她还能耍什么把戏?她只觉得心口疼极,有什么堵得发慌。
终于她忍不住,趴在床边“哇”地一声吐出一小口血。
顾玄风待看到地上的猩红后,当场怔住,慌张地扶起人。
撩开墨色的长发,见人脸色惨白如纸,哪里还有一丝血气。
“来人!”顾玄风虽是慌张,倒是十足的镇定。
门口守着的芝儿听到喊声立马进来了
“把你家主子快些喊来!”
芝儿见情况不对,也不敢耽误,立马去了。
顾玄风回头再看人,见人竟已经晕倒在自己怀中,双眼紧闭,一动不动。
他的心头像被狠狠剜了一块,想到刚刚自己的所作所为,懊悔不迭。
她本就伤重,自己何苦再刺激她?
慕容英过来的时候也是有些意外,深深瞥了他一眼示意他出去外面等。
顾玄风没再言语,果然依言出去了,负手立在门口。
慕容英的两个婢女进进出出,不一会儿又看到婢女手上拿着带血的帛带走出屋子,顾玄风不放心,想要进去看看人。

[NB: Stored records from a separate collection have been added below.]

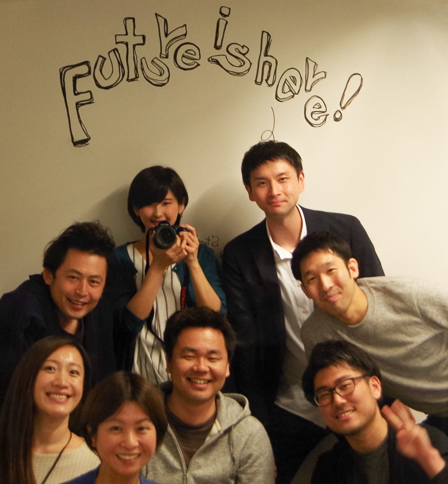 「Future is here(未来はここにある)」と書かれた前で、KAKEAIのメンバーと一緒の櫻井紫乃さん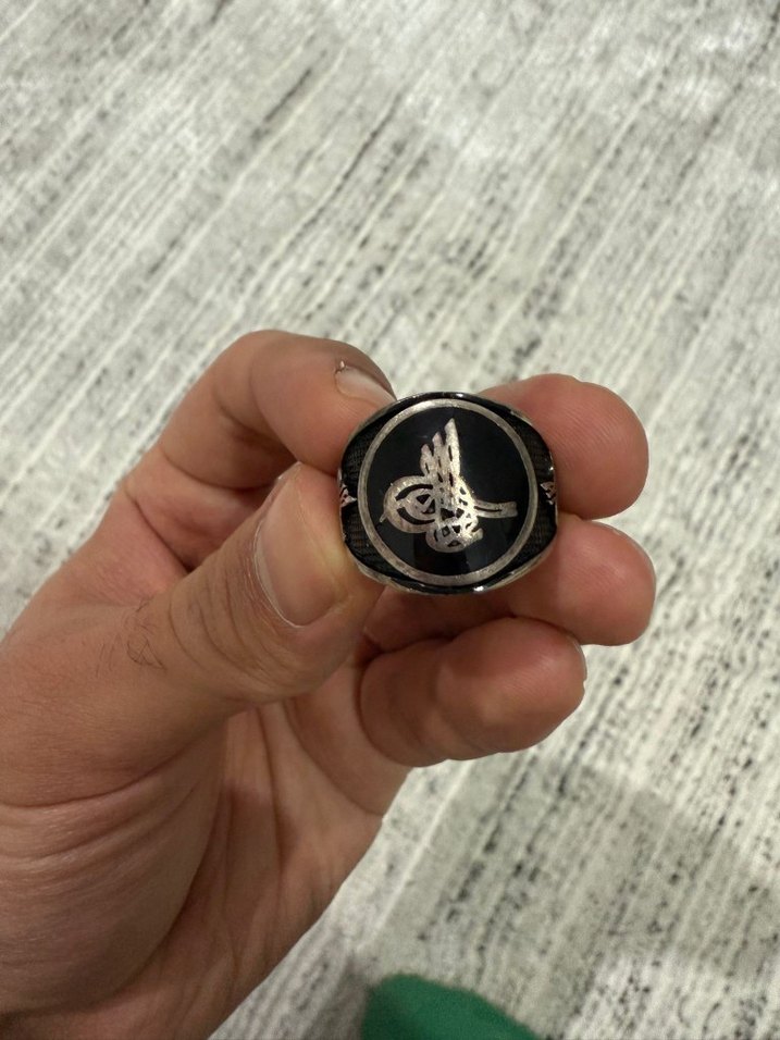 Siyah Parlak Erkek Yüzük 925 Ayar Gümüş Osmanlı Tuğrası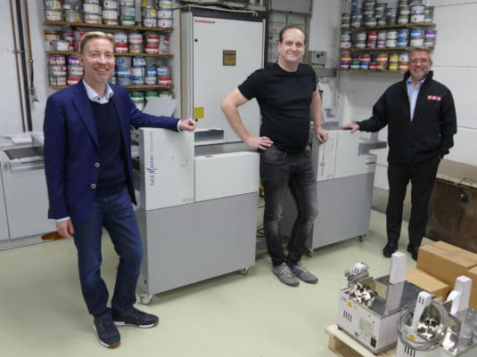 V.l.: Matthias Siegel von der Grafischen Palette, Geschäftsführer und Inhaber Michael Walter sowie FKS-Gebietsverkaufsleiter Peter Hilsenberg kennen die Möglichkeiten der FKS/Multigraf Touchline CP375 Duo & TCF375.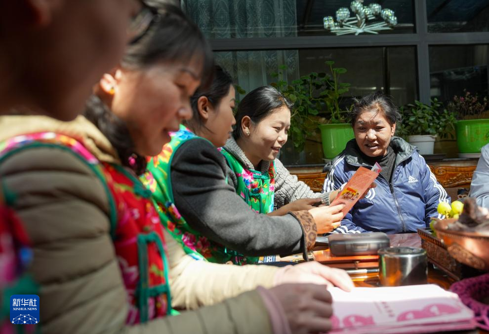 “花大姐”向轄區(qū)群眾宣傳議事會各種惠民事項(3月6日攝)。新華社記者 晉美多吉 攝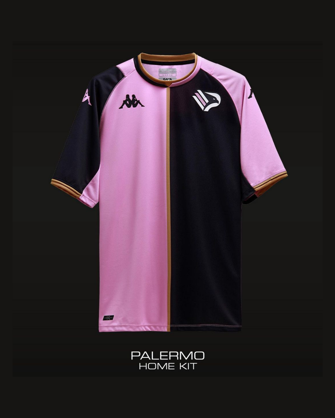 Inspired by the first book of the Bible, Genesis, Kappa and Palermo have presented the new shirts that will accompany the Rosanero in the new Lega Pro season. And they will do so with three shirts that have their roots in history. The two-colour design of the first Rosanero shirt in Palermo's history is back in the home shirt. A jersey reminiscent of the one made by adidas for Juventus in 2019, with the social colours equally divided and a small central stripe, in Palermo's case golden, in the centre of the jersey. The main novelty is undoubtedly that after so many years of almost exclusive prevalence of the colour pink, black returns as a protagonist as never before, the two colours have been balanced by Kappa in a perfect way.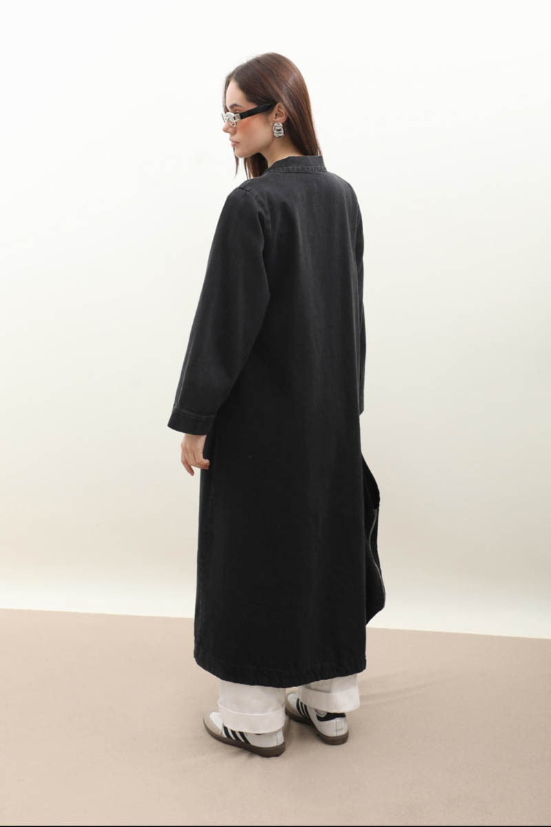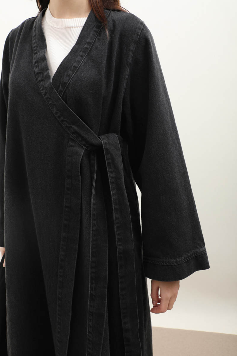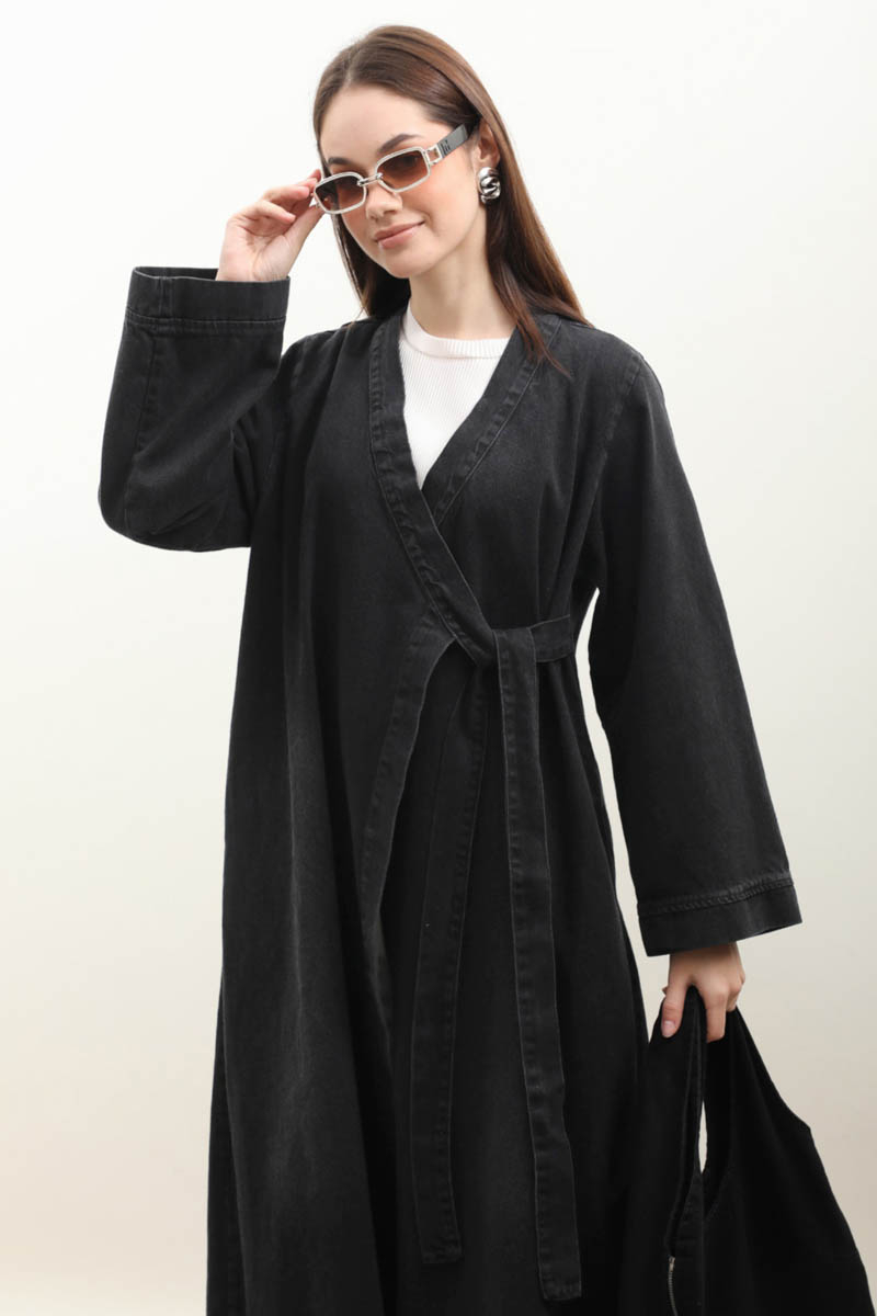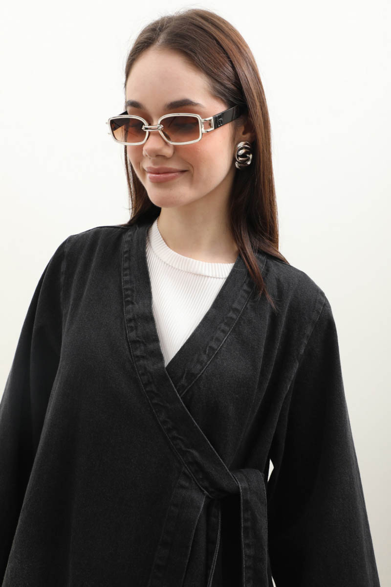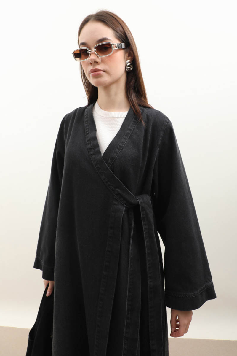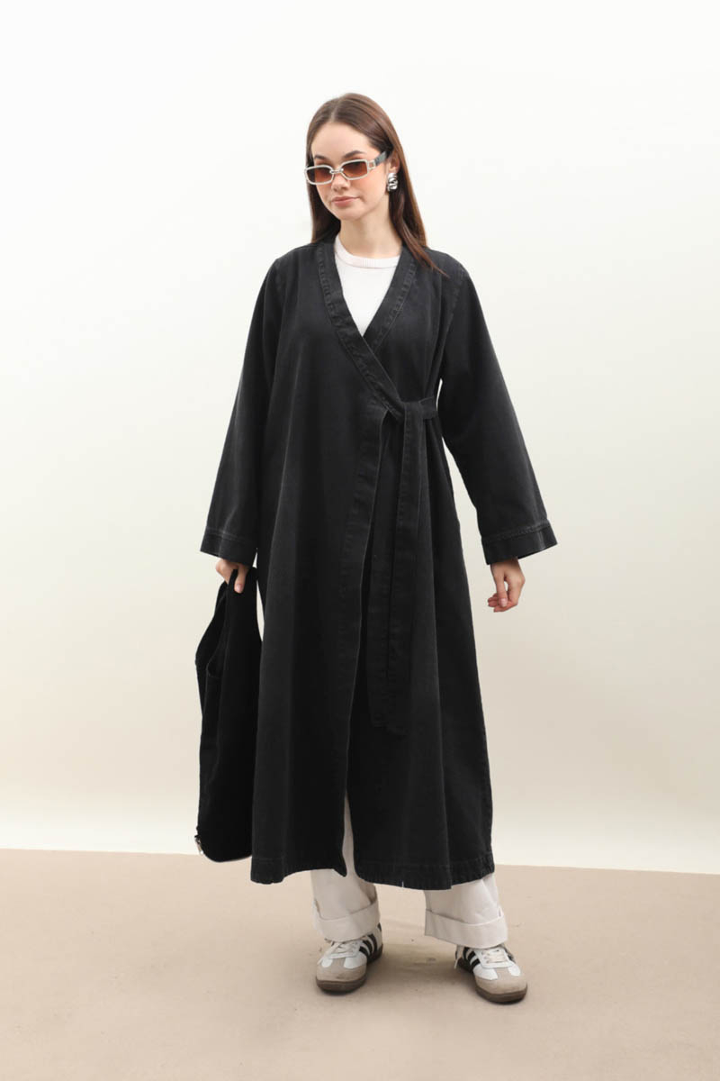 Kruvaze Denim Trençkot Siyah. İçten ve dıştan yandan bağlamalıdır, kruvaze yakadır, geniş kolludur, ceplidir, astarsızdır, Günlük kullanım ve özel günlerinizde tercih edebilirsiniz.

慕容英的婢女芝儿一直跟着慕容英胆子大些,看出人来意,冲着人道:“顾公子,我家主子让你先在外面等候就行,不必进去!”
顾玄风听闻此话,也只好安静等待。
不一会儿,院子里已经传来了草药的香气,想来是慕容英已经命令人再给她熬药了。
他在外面冻得厉害,陈兴刚刚送过来披风,劝他进屋去等候,被他拒绝了。
过了一炷香的时间,慕容英才出来,见顾玄风依旧立在门口等待,言语戏谑,“顾公子怕不是信不过我?宁愿站在门口吹冷风也不愿进去自己屋中候着?”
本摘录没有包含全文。